Oh, no no, he'd have to ask his cabal about this. He sent an aide scurrying off into the black corners of the courtroom. Moments later, several red robed figures glided towards the throne and knelt by it and over it, while Emperor Sylandus X whispered the news. Unrest in the far regions, open revolt in the next archdom, every week brought more reports of madness, of restless natives screaming that "they" had brought it with them, that "they" had seeded phantoms and horrors into the dreams and shadows of the lands they took. Lately he'd been inclined to wonder, and more than wonder. The cabal said not to worry, these were merely tests his ancestors had faced and overcome. He would too. Just at that moment, a figure strode into the throne room. He knew this fellow to be a phylarch and a high ranking member of the secret Order of the Brazen Star, one of his personal favourite mystery cults. Asking for charter for another ritual den? Of course, the making secret of the faiths had been a boon for the entire empire, no more holy wars, no more slacking labour.
Fires a mile high lit up the golden rooftops of the Kysandur capital while deep black shadows settled in the valleys that were its ancient streets. Mailled feet stamped across shattered stone and bloody ash. The great brazen gates to the palace were already open. The so-called traitor knights gripped their blades tight. It ended now. The empire would fall, the madness and spectres, the decadence and brutality that had haunted the world for three hundred years ended now. The advance force had cleaned the place out well. The throne room wasn't hard to find. The twins were cowering inside, spitting insults and threats. Grotesque, stunted, the products of practices best left unspoken for all time. It was the lord commander's duty, not honour, to dispose of this rotten bloodline. There was no grand speech, no heroic cheer, just a filthy deed to nip in the bud a problem that should never have been.

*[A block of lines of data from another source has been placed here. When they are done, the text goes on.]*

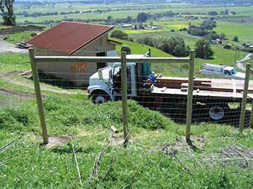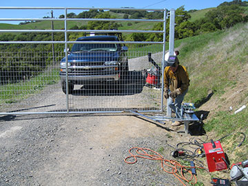 Here Keith Soreng's gate guys install the new gate. It will have a keypad that we can program via computer when the phone line is installed. Eventually, we will be able to assign you all your own codes—something that you can easily remember—instead of having everyone use the same code. Cool, huh? By the way, I can't say enough good things about Keith Soreng and his company Golden Gates. |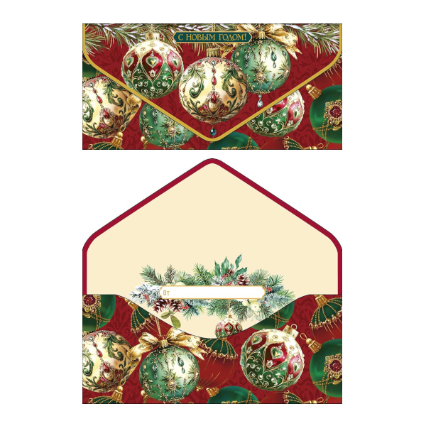 Открытка-конверт для денег "С Новым Годом. Драгоценные шары" 9,3*19см 1216.346 Арт Дизайн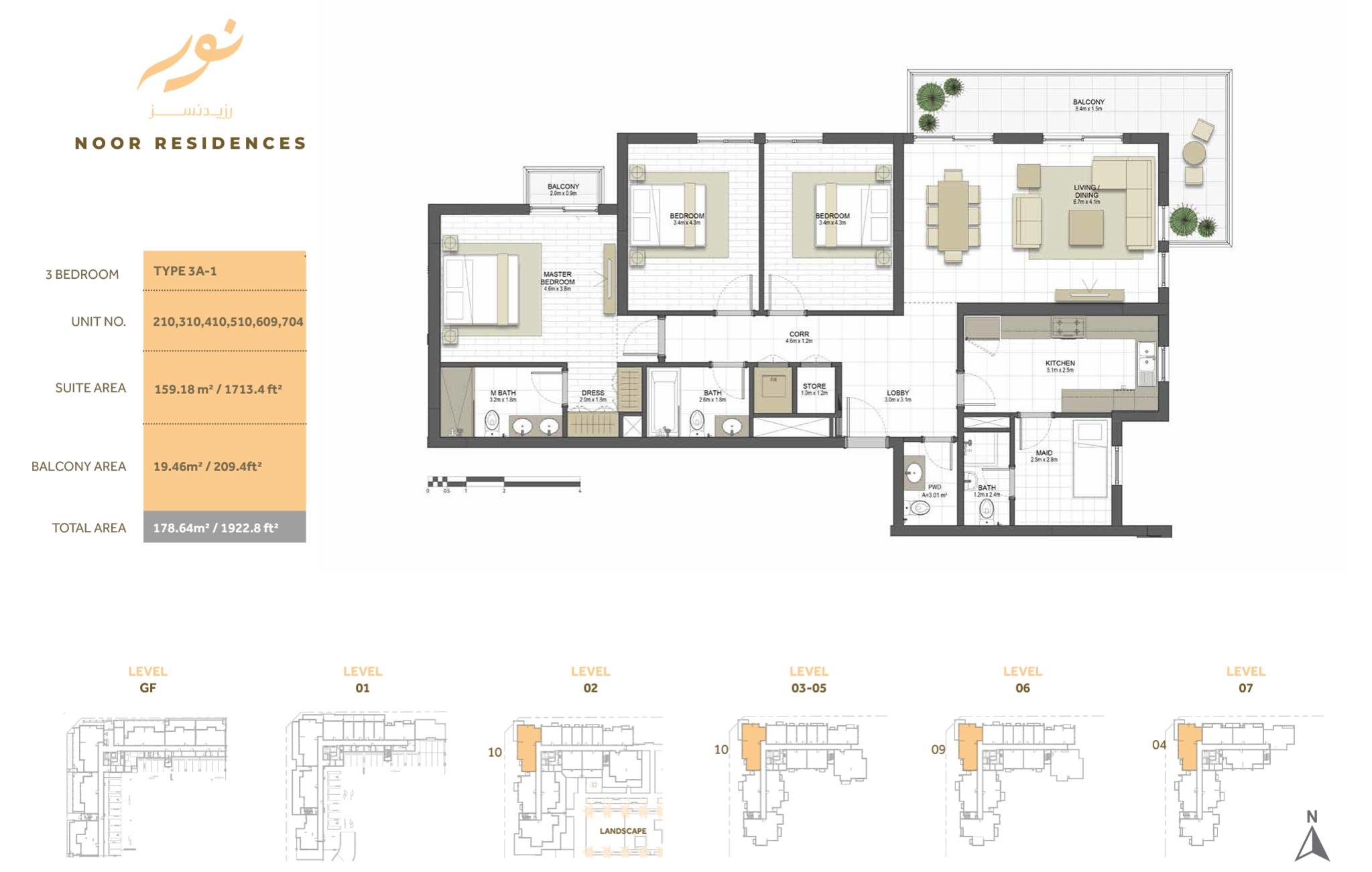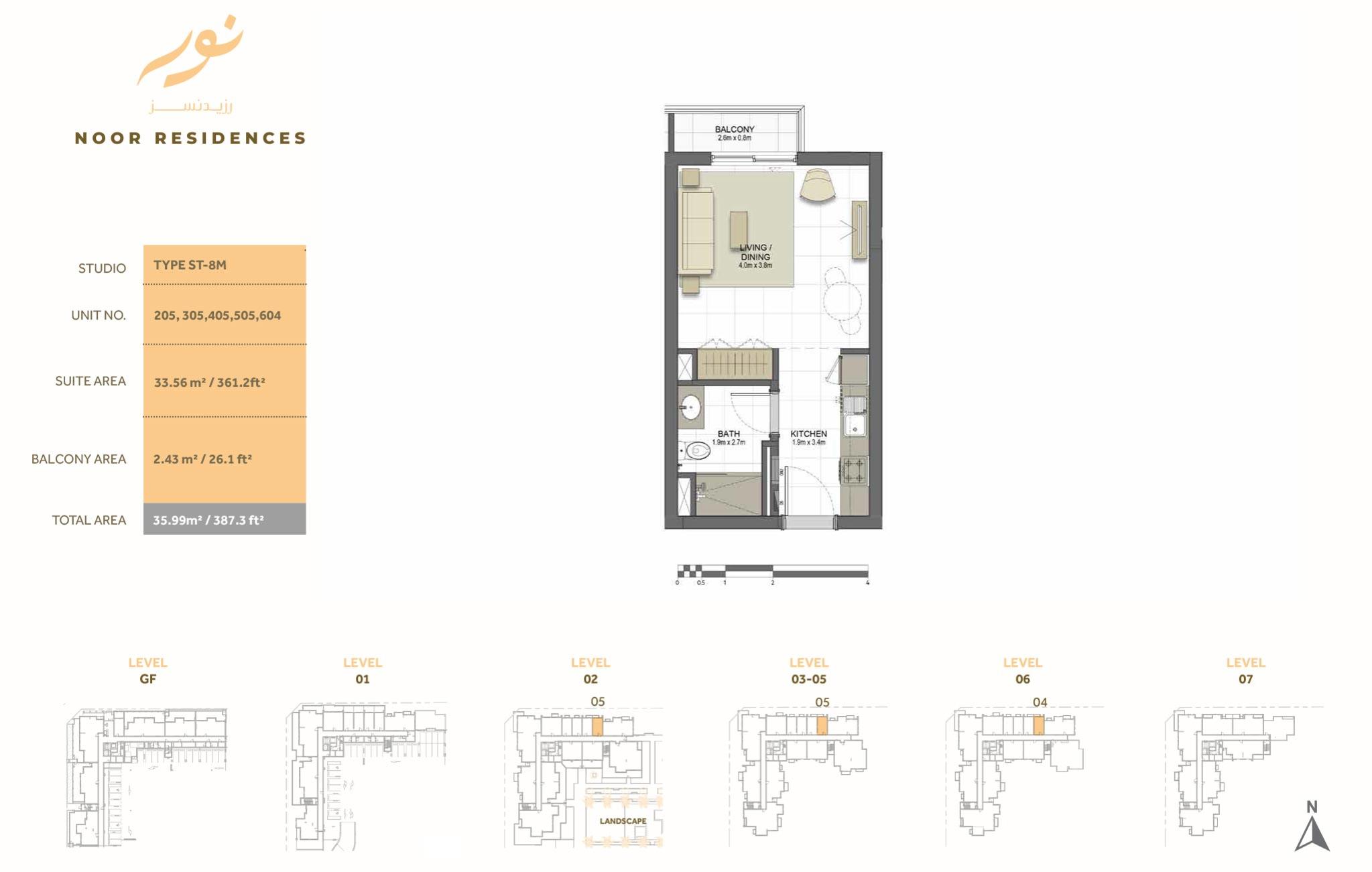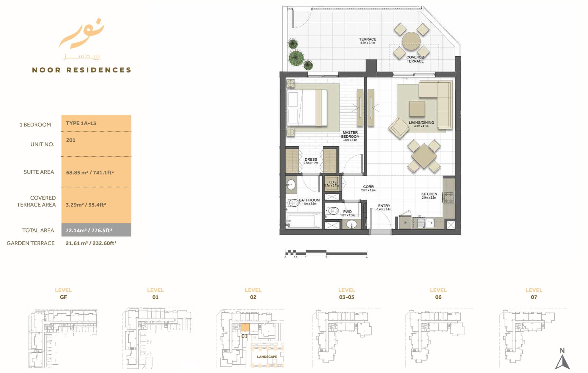 Several apartments located one side of the building that boasts views of the Dubai Canal, while back-side units offer views of the boulevard. Every apartment of Noor Residences has the highest specifications includes open space that crafted with convenience and comfort in mind. In addition to private gardens at the podium level, community residents can enjoy serene views of the canal and the Sharjah horizon. Surface units of the building provide direct road access from their terraces.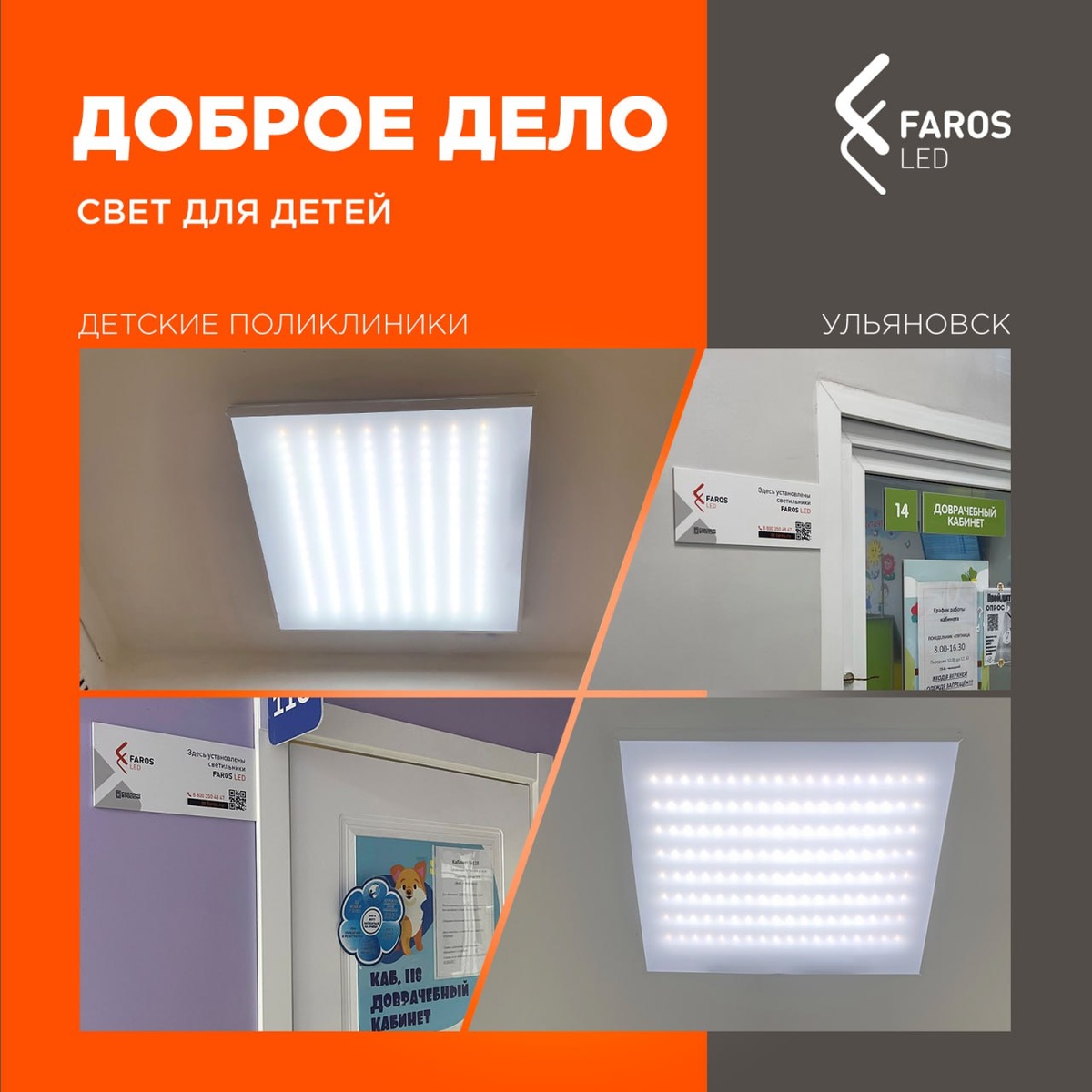 💫 Начинаем 2026 год с добрых дел! 🏥 Компания FAROS LED, по собственной инициативе и в содействии с Министерством здравоохранения Ульяновской области, оказала помощь детским поликлиникам Ульяновска. ✅ В рамках этого доброго проекта специалисты FAROS LED осенью 2025 года провели аудит в ульяновских детских учреждениях здравоохранения, подготовили светотехнические расчёты и определили кабинеты, приоритетно нуждающиеся в качественном обновлении освещения. ⚙️ На заводе FAROS LED были изготовлены светильники специальной серии FS 595 36W 5000K OPAL, которые затем были безвозмездно установлены в кабинетах педиатрии пяти поликлиник. FS 595 обеспечивает яркий, равномерный и безопасный для глаз свет, что особенно важно при осмотре детей, работе с документами и проведении медицинских процедур. Всего в больницы было передано и смонтировано 30 светильников с обеспечением их пятилетней сервисной гарантии. 👉 Благодаря этой доброй инициативе светильниками FAROS LED освещены: - Процедурные кабине

The lord commander sat over a makeshift table in a courtyard, a mug of some fragrant, watery swill in his hands. The kind of gutterwine served to dull the senses in this hellhole. Noon had risen and word was flooding across the capital of the bloodline's collapse. In weeks it would be in the middle archdoms, in a month it'd be in the far regions. The empire had fallen. It wouldn't end the fighting, the tyrants, the brutality, not yet, but the madness would abate and the people would begin to heal. No more did the Sylandus blood reign. The curse could end. Eyes on the horizon, he thought.

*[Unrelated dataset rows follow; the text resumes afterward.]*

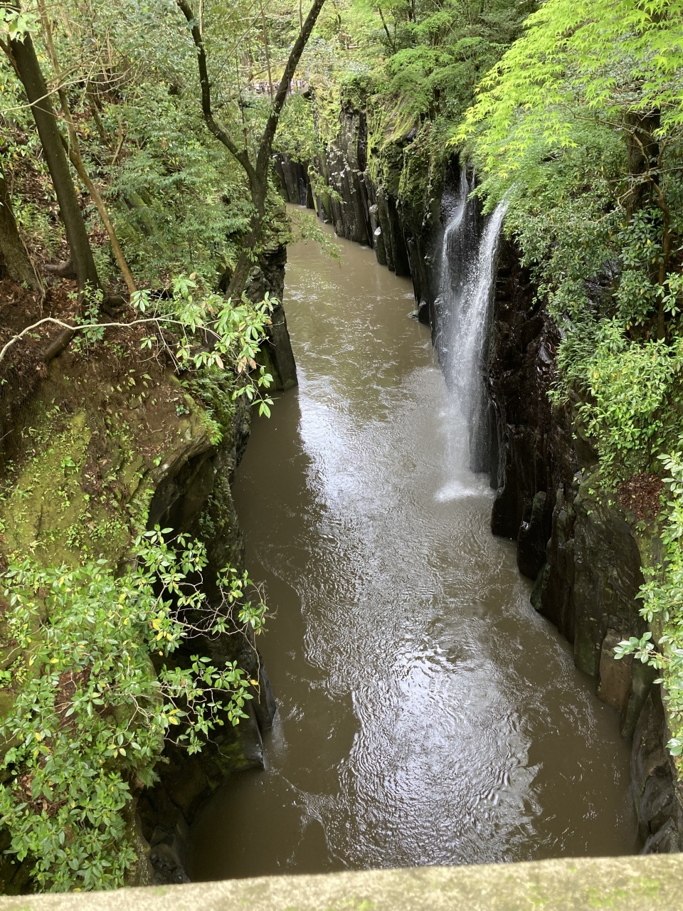 真名井の滝はマナイのタキと読みます。天孫降臨の折に、天村雲命という神が水源の種を天にある天真名井からこの地に移されてから地下水となって滝に湧出していると神話では言われています。日本の滝100選に選ばれている名爆です。滝の周辺は貸ボートで観光できますが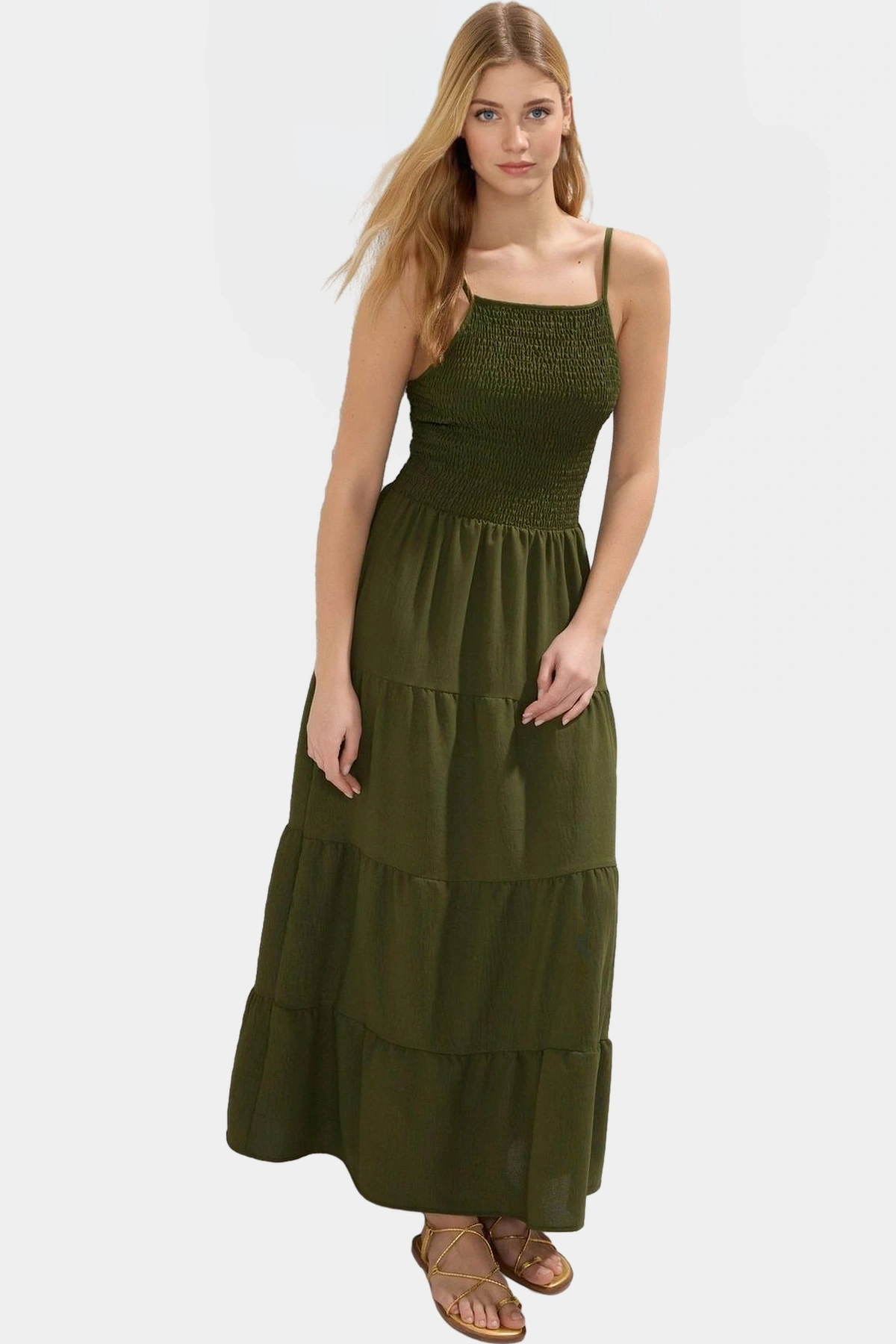 Bu rahat ve şık haki maxi elbise, yaz aylarında günlük kullanım için idealdir. Yumuşak dokuma kumaşı, gün boyu konfor sağlar. Halter yaka tasarımı ve gipeli detayı ile hem modern hem de feminen bir görünüm sunar. Eteğinin belden açılan tasarımı ile hareket kabiliyetinizi kısıtlamaz.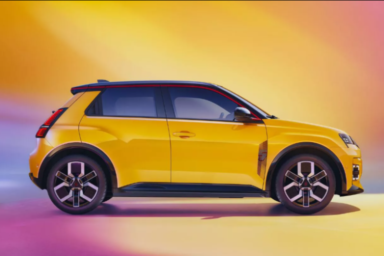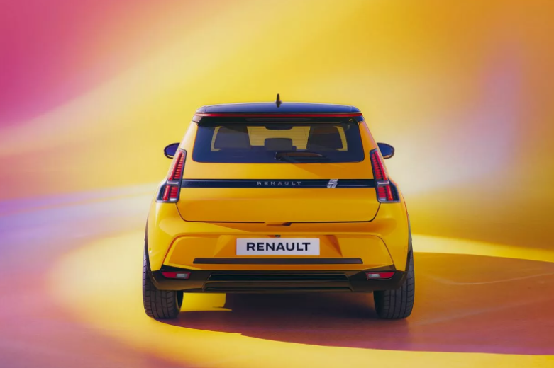 Die markante Silhouette des Renault 5 E-Tech 100% Elektrisch ist am steil abfallenden Heck und der Formgebung mit abgerundeten Ecken zu erkennen.

Suddenly, a welcome sight appeared, a friend and his finest knight. She had that look on her face. Something was up. They'd found it, she said. Hidden behind about seven different walls, stained black on the inside, and the strangest part? A skeleton, bones browned and surrounded by old arrows, laying in the middle. All the incense, prayer beads, and icons in the world wouldn't cleanse a place like that, she joked. They may not need to, said the lord commander. Demolish it? No. Absolutely not, came the firm reply. Let it stand. Leave it open. Let people see, let them know why they suffered, what happened and what must, upon the souls of all the world for all time, never happen again.